European banks are expected to disclose holdings of doubtful government debt in stress test results to be released on Friday, although sources said there was some last-minute haggling among German banks over how much to reveal.

European bank supervisors are in the final stages of an exercise designed to convince markets that most of the continent's banking sector can withstand another economic downturn and losses on government debt, and that authorities can deal with those banks that need support.

Results of the test of 91 European lenders are eagerly awaited by markets whose skepticism about the sector has driven up funding costs and weighed on share prices since Greece's debt woes triggered fears the euro zone could unravel.

Bank stocks were up across the board on Thursday, a sign that investors are starting to hope the worst is behind an industry whose reluctance to lend and partial inability to borrow has been at the heart of the global crisis reaching back to 2008.

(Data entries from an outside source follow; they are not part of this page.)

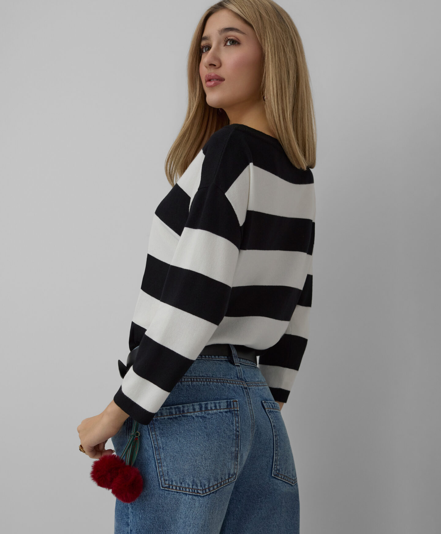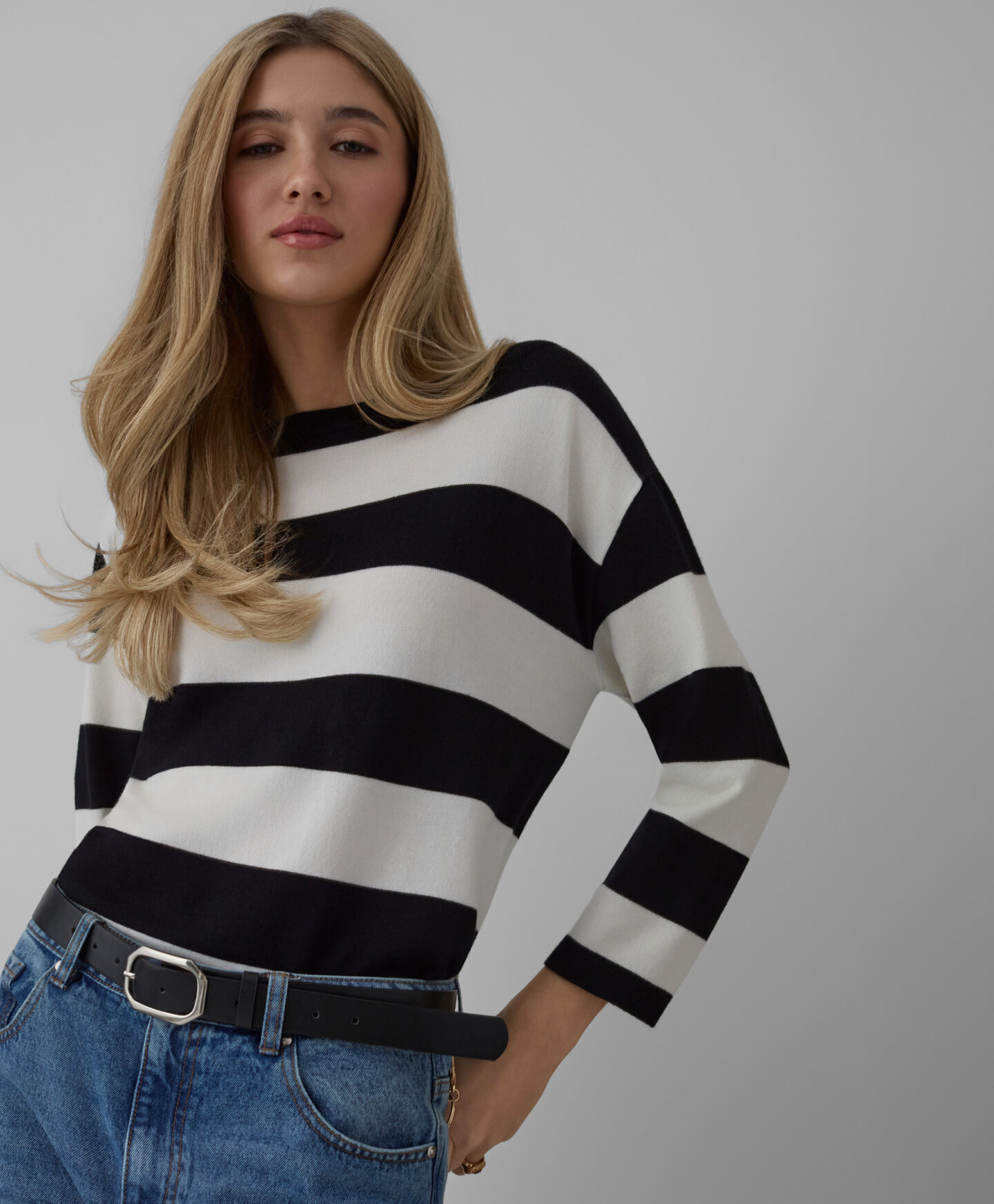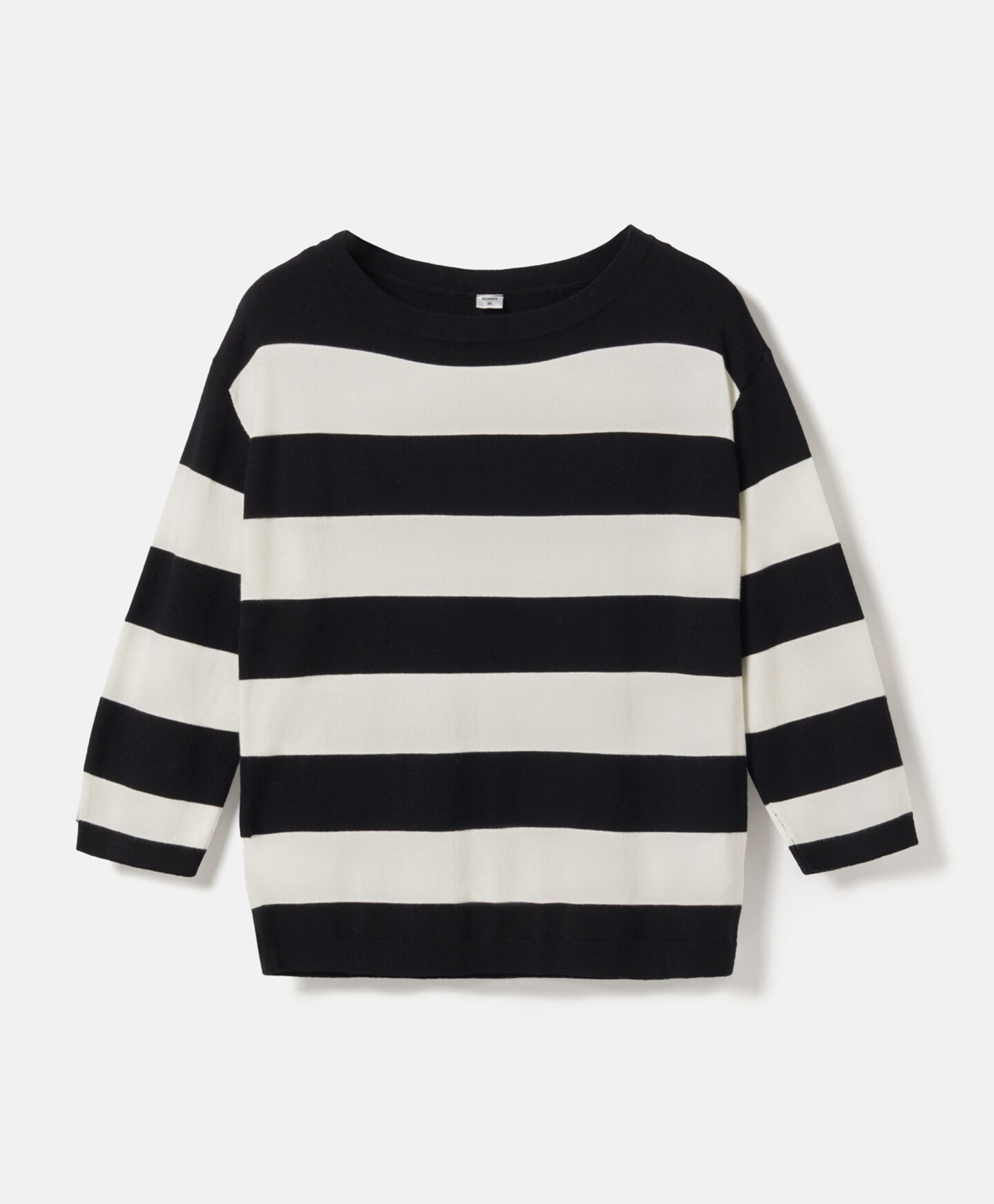 Dryžuotas megztinis išsiskiria unikaliu modeliu. Dėl sudėtyje esančios viskozės megztinis yra minkštas ir pralaidus orui, todėl su juo bus patogu visą dieną. Kimono stiliaus modelis suteikia jam unikalumo ir nevaržo judesių.
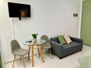 Die Unterkunft besteht aus einem Studio mit einem Bett, individuell regulierbarer Klimaanlage, Heizung, Fliesenboden und einem Sitzbereich mit Sofa. Die voll ausgestattete Kochnische beinhaltet Kochutensilien, Mikrowelle, Kühlschrank, Toaster, Kaffeemaschine sowie Tee- und Kaffeezubereitungsmöglichkeiten sowie einen Esstisch. Eine Waschmaschine steht den Gästen ebenfalls zur Verfügung.
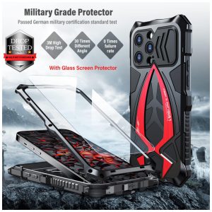 Capa para Iphone 14 Pro Max de Alta Resistencia Nível Militar KumWum Preta e Vermelha
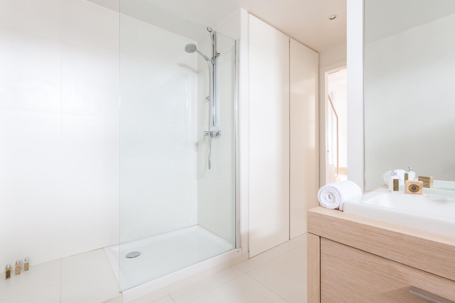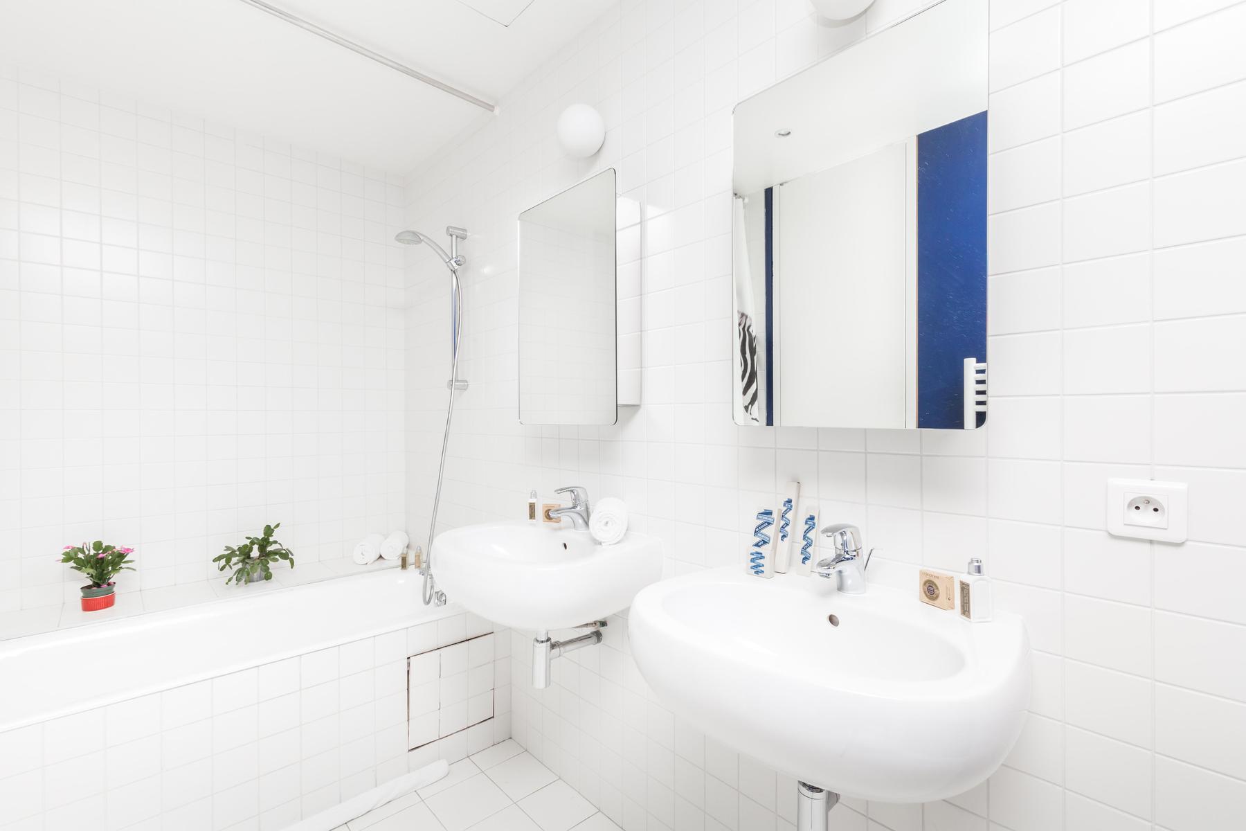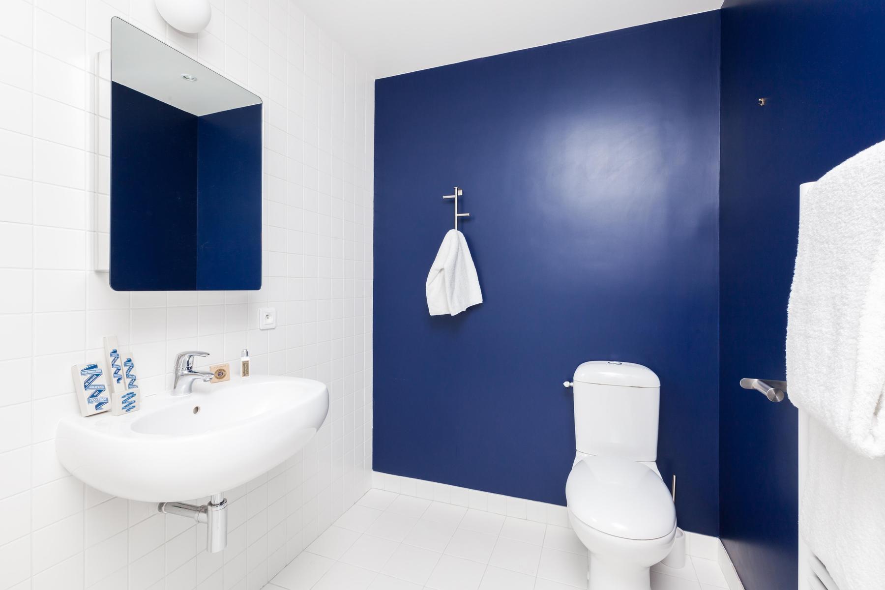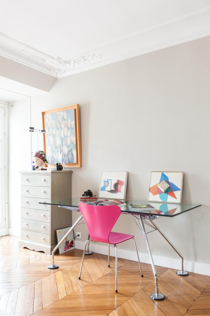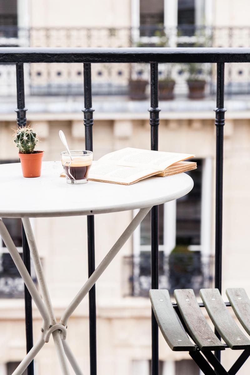 La rue Chaptal est une trouvaille précieuse. Ses pièces brillent de violet améthyste, de bois ambré et de murs d’un blanc nacré. Mais un bijou n’est rien en soi, et celui-ci est installé sur les deux étages supérieurs d’un immeuble essentiellement parisien, avec vue sur le Sacré Coeur et la tour Eiffel. Les couches délicatement contradictoires et les imprimés du canapé d’angle captivent, tandis que les fauteuils aux finitions métalliques éblouissent. Si vous osez l’absinthe émeraude sur la place du Tertre, laissez vos jambes vous porter jusqu’aux marches du Sacré Coeur, où tout Paris s’étale devant vous – des lumières dorées scintillantes sur un ciel de velours noir

This is a carefully choreographed piece of theater, said Nick Beecroft, senior markets consultant at Saxo Bank. It is a necessary condition for the feeling of market security. Whether it is a sufficient condition, we have to wait and see.

The Committee of European Banking Supervisors (CEBS), the group presiding over the test, asked banks to provide all holdings of government bonds in a document obtained by Reuters, although it left publication up to banks and supervisors.

Disclosure could end uncertainty about the banks' exposure to sovereign debt from Greece, Spain and Portugal, the countries struggling most to convince lenders they can deal with high debt while economic growth remains weak.

The regulators and the political leaders are effectively trying to bridge a gap of skepticism, said Gerard Fitzpatrick, global fixed income portfolio manager at Russell Investments.

German banks, which are among the biggest holders of Greek government debt, had been most reluctant to provide the data, were now leaning more toward succumbing to peer pressure, several sources close to the banks said.

Currently, publication looks more likely than not, said one source. Another one said: This is as 'voluntary' as the elections in the GDR (Communist East Germany) were.


Weeks of confusion, which on Thursday culminated in uncertainty about the timing of publication of the test results, have cast doubts over the rigor of the tests amid signs of attempts to massage the results.

The cacophony of the European tests contrasts with a more disciplined U.S. precursor to the exercise, which was decisive last year in restoring confidence in America's banking sector.

When the American stress test was released over a year ago it was done with military precision... It was a 'aye, aye sir', said Christophe Nijdam at equity research house AlphaValue.

Here in Europe, you have a huge cacophony, some leaks from each national regulator trying one way or another to protect its own bank and own reputation as regulator, he said.

The International Monetary Fund on Wednesday stressed the banking sector was one of the main risks to the euro zone's recovery and recommended highly transparent stress tests.

A well-functioning financial system will be crucial to strengthening the moderate and uneven recovery, the IMF said. To maximize confidence-building, the IMF report recommends full disclosure of the findings and effective follow up.

The lack of details about the terms of the test and earlier divisions among the 27 European Union members over how much information to divulge made investors concerned the assessments would not be tough or transparent enough.

The 91 banks participating have been asked to estimate if their Tier 1 capital will stay above 6 percent under two adverse scenarios assuming a double-dip recession in the first case and heavy losses on government bonds on top of that in the second.

In a flurry of statements by CEBS, the European Central Bank, the banks and national supervisors due to kick off at 1600 GMT on Friday, the banks that fall below that level are expected to say what they plan to address the shortfall.

If the shortfall detected in the system -- with German and Spanish public banks and Greek banks eyed most closely -- is not big enough compared to market estimates, and if recapitalization measures are not generous enough, the test may fail to convince.

With too few banks likely to be identified as capital-deficient and too little additional capital being pumped into the banking system, it seems unlikely that current fears will dissipate, Macquarie analysts said on Wednesday.

Slovenia's Nova Ljubljanska Banka on Wednesday became the first bank to announce a capital increase linked to the stress test, even though it is expected to pass the test formally, showing that there might be capital raisings even for banks that do not drop below the 6 percent threshold.